Rothermel, Anderson, and Bill Frandsen, another physicist on the project, adapted an approach developed by an early Forest Service fire researcher, Wally Fons, which turned on the concept of conservation of energy. A fire spreads by igniting a series of little fires in the fuel ahead of it. The ignitions are driven by convection, radiation, and conduction. Even if it’s unknown which mode is operating in a given instance, the rate of heat transfer can be measured. The researchers reasoned that if they knew how much fuel was ahead of a fire, how big and how densely packed the fuel particles were, and how much moisture the fuel contained, then they could figure out how much energy would be needed to transfer enough heat to bring the fuel up to the ignition point. They could then calculate the rate of ignition that would carry the fire as it spread. The model would also have to account for the critical variables of wind speed and slope of the ground.
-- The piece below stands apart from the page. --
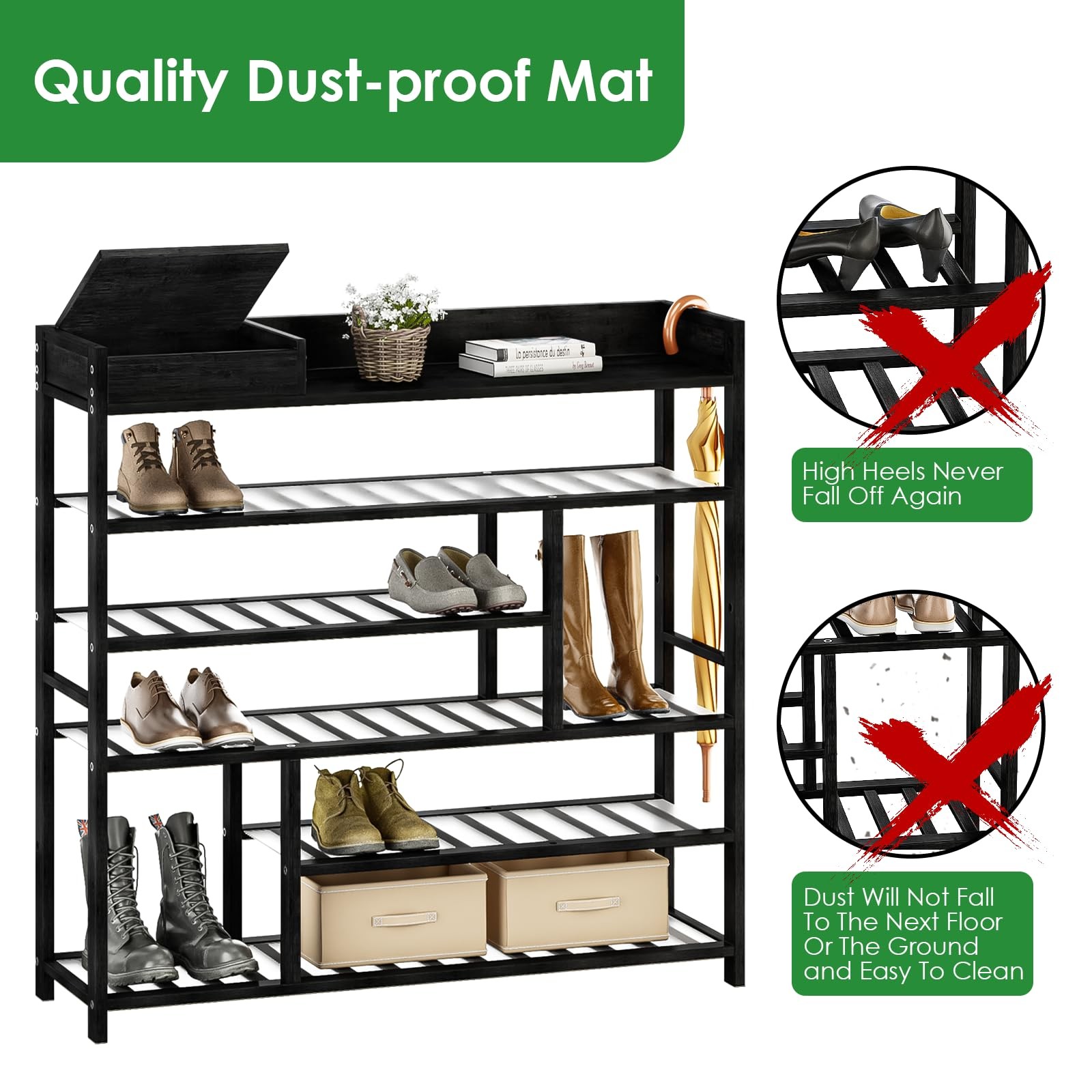 Organize your shoe collection in style with our Premium Bamboo Shoe Rack. Made from premium bamboo material, this shoe rack offers a perfect blend of functionality and aesthetics. The 6-tier design provides ample space to store all your shoes, while the dedicated boot racks ensure your favorite boots stay in excellent shape. Dust-Proof Pads: Each layer of the shoe rack is equipped with dust-proof pads, preventing shoes from falling into the gaps and keeping dust from settling on lower levels, ensuring cleanliness and tidiness. Durable Bamboo Construction: Crafted from high-quality bamboo material, this shoe rack offers exceptional durability and long-lasting performance, ensuring it withstands daily use. Ample Storage Space: With its 6-tier design, this shoe rack provides ample storage space for all your shoes, keeping them organized and easily accessible. Convenient Boot Rack: Equipped with 2 dedicated boot racks, this shoe organizer allows you to neatly store and display your favorite boots, keeping them in perfect condition. Handy Storage Box: The included storage box is perfect for storing various small items, such as shoe accessories, socks, or keys, keeping your entryway clutter-free. Practical Desktop: The shoe rack features a small desktop on top, offering a convenient space to place daily essentials like a wallet, phone, or decorations. Sturdy and Stable: This shoe rack is designed to provide stability and support, ensuring it remains steady even when fully loaded with shoes. The bamboo material adds to its sturdiness and longevity. Two Color Options: Choose between sleek black or stylish tan brown, allowing you to match the shoe rack with your existing decor or personal preference. 180 Days Warranty:We are committed to providing customers with quality products and services, if you have any questions can contact us, we will try our best to solve.

Because of the limitations of wind tunnels and combustion chambers, the model is forced to make certain assumptions that don’t hold in real life. For example, it assumes that the fuel is continuous and evenly distributed and burns uniformly. It further assumes that the fire is carried primarily by dead plant material and that only moisture will stop it.
The Rothermel model “describes very well a fire burning in a field of wheat,” says Bret Butler, a mechanical engineer at the Fire Sciences Lab whom Rothermel hired in 1992. “As you get further away from that uniformity, the less accurate it becomes.”
More significantly, the researchers had no basis for modeling the endless spatial variability that actually exists in a forest. So there was no way to simulate a fire’s movement through clumpy, discontinuous trees and shrubs. There was also no way to model a crown fire, one that leaves the surface and moves up into the crowns of trees. These were significant and universally acknowledged shortcomings.
Fire research scientists throughout the world are working on developing more accurate surface-fire spread models, but at this point all of them are too complicated to be used in an operational system. The beauty of Rothermel’s model, says Butler, “is that it’s simple—it can be run quickly with a low-capability computer.”
(end of excerpt)
What made me think of Mr. Rothermel was a graphic distributed on Twitter today by the National Weather Service. It is a fancy, colorized version of the figure in his 1972 paper that depicts how heat is transferred in a fire.
But of course Mr. Rothermel’s contributions are far more complex than this graphic.
Below is a screenshot from his paper where he describes Propagating Flux, just one of many elements of his mathematical fire spread model.
And here is his summary of equations for the model:
Epilogue 1: The current administration has expressed a desire to zero-out the budget for the Joint Fire Science Program, the organization that published the 2008 article.
Epilogue 2: Mr. Rothermel was one of the 655 attendees at the Fire Continuum Conference in Missoula last month.